Frequently Asked Questions about Data Analytics

How can data analytics help business?

Structuring, organizing, analyzing, and reporting data can greatly benefit businesses. Some examples include:

  • Combining disparate data sources to come up with unique insights. For instance, you may have some business data in Excel and other business data in customer relationship databases and e-commerce systems.
  • Data-driven decision making – Companies that analyze the right data at the right times can make decisions on facts rather than hunches or strong opinions. Data can also be an equalizer in situations where the opinions of those with strong personalities win out over more reserved personalities.
  • Customer insights – These days, there is a wide range of quantitative and qualitative data that can be used to gain customer insights. These include website user data, demographic data, buying behavior data, surveys, and many other forms of data. Understanding the structure of all of these types of data and how they can be used to gain accurate insights is an important job for most businesses.
  • Streamlining processes – It is often necessary to gather disparate data in a purposeful way in order to identify bottlenecks and high-cost parts of processes. Doing so can save companies millions in time and money.

Does data analytics require coding ?

Yes – in most cases, data analysts are expected to know some basic coding. This is because analyzing data often requires querying and transforming the data from multiple data sources.

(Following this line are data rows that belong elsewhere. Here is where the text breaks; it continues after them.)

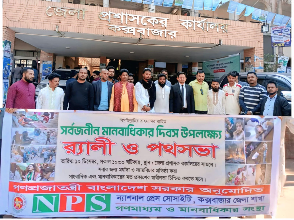 বক্তারা আরও বলেন, মানবাধিকার রক্ষার জন্য সমাজের প্রতিটি মানুষকে সচেতন হতে হবে। রাষ্ট্র ও প্রশাসনকে মানবাধিকার রক্ষায় আরও সক্রিয় ভূমিকা রাখতে হবে। কর্মসূচিটি আয়োজন করে গণপ্রজাতন্ত্রী বাংলাদেশ সরকার অনুমোদিত ন্যাশনাল প্রেস সোসাইটি, কক্সবাজার জেলা শাখা। সংগঠনটি জানান, মানবাধিকার সুরক্ষা ও গণমাধ্যমের স্বাধীনতা নিশ্চিত করতে তারা ভবিষ্যতেও এমন কর্মসূচি অব্যাহত রাখবেন
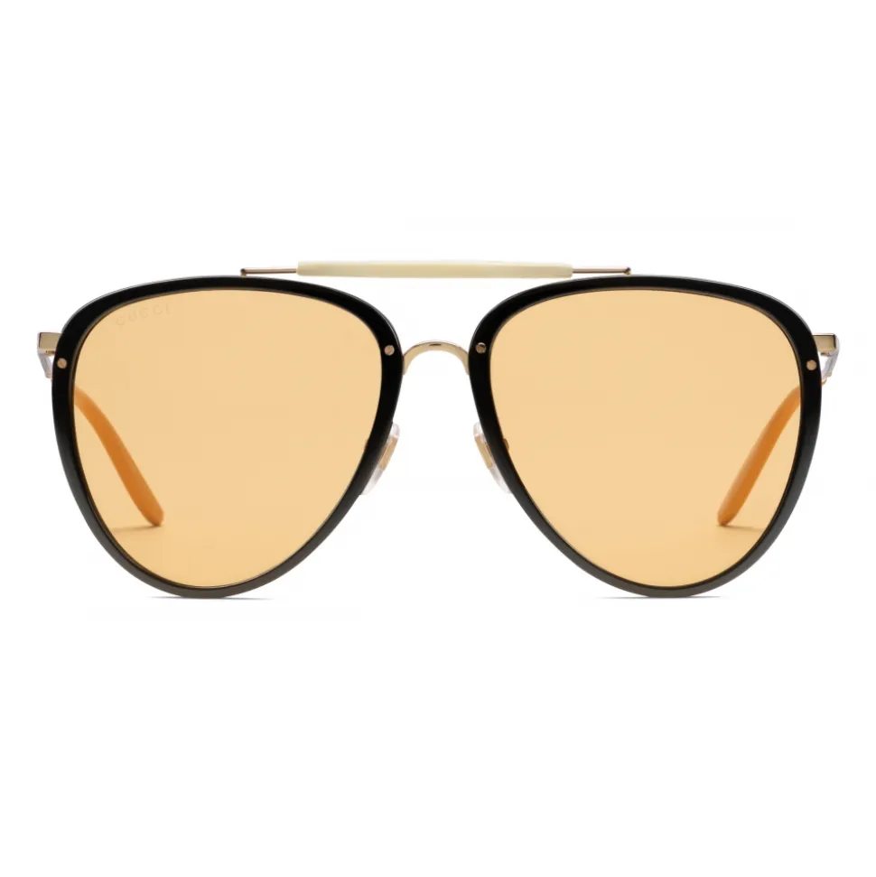 Imbued with a vintage inspired feel, the yellow lens is encircled within a black acetate frame, backed by a gold-toned metal structure. The classic aviator design is enriched by a horn effect acetate detail at the top bar, while the Gucci script enhances the gold metal temples.
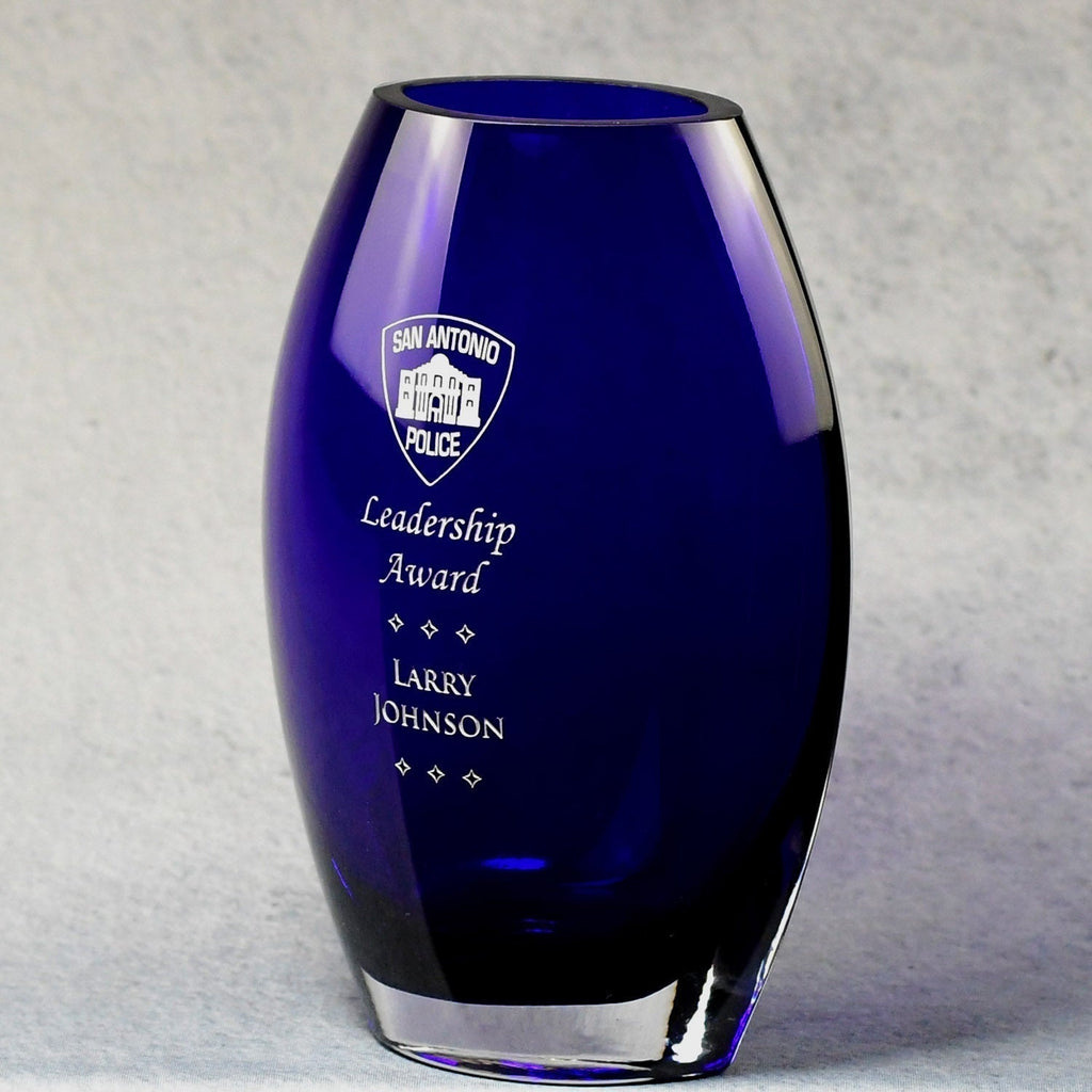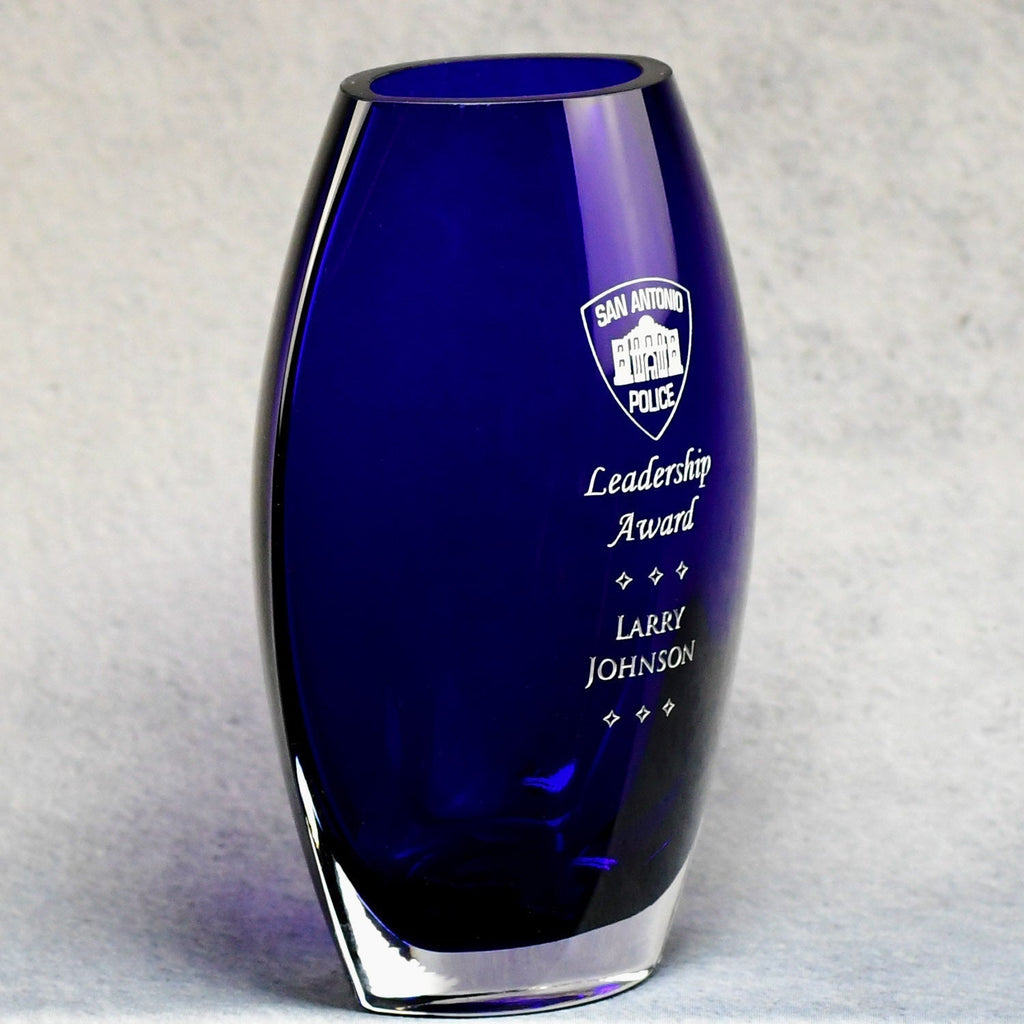 This cobalt crystal oval vase is available in 3 sizes and offers a large area to hold your logo and personalized text. Color filling in gold or silver is recommended to add striking contrast and draw attention to your perfectly crafted message. These vases are at home in many settings including office, church and home. Fill them with flowers for an extra special touch when making the presentation to your special recipient.

Understanding languages like SQL, advanced Excel functions, and Python or R can be extremely helpful for these tasks.

Does data analytics require statistics?

Yes - generally speaking, data analysts are expected to understand the basic concepts of probability, as well as appropriate ways to calculate and present different types of data.

Are data analytics and data science same?

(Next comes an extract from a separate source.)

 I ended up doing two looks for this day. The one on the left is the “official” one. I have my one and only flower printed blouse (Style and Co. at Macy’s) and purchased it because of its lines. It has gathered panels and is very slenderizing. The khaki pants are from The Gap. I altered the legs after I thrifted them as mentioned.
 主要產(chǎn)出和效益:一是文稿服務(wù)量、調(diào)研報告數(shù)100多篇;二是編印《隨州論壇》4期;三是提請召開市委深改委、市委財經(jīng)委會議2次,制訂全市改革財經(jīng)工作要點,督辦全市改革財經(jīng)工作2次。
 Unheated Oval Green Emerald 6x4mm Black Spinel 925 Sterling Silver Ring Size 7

The major difference between data analytics and data science is the scope of analysis. Generally speaking, Data Scientists must be more skilled at statistical models and programming, as they perform sophisticated analyses of data structures. Often Data Scientists have specific domain knowledge (such as Finance or Education). Data Analysts generally perform higher-level analysis – they gather, organize and report on data within a specific scope. Data analysts are not usually as involved in making data predictions as data scientists.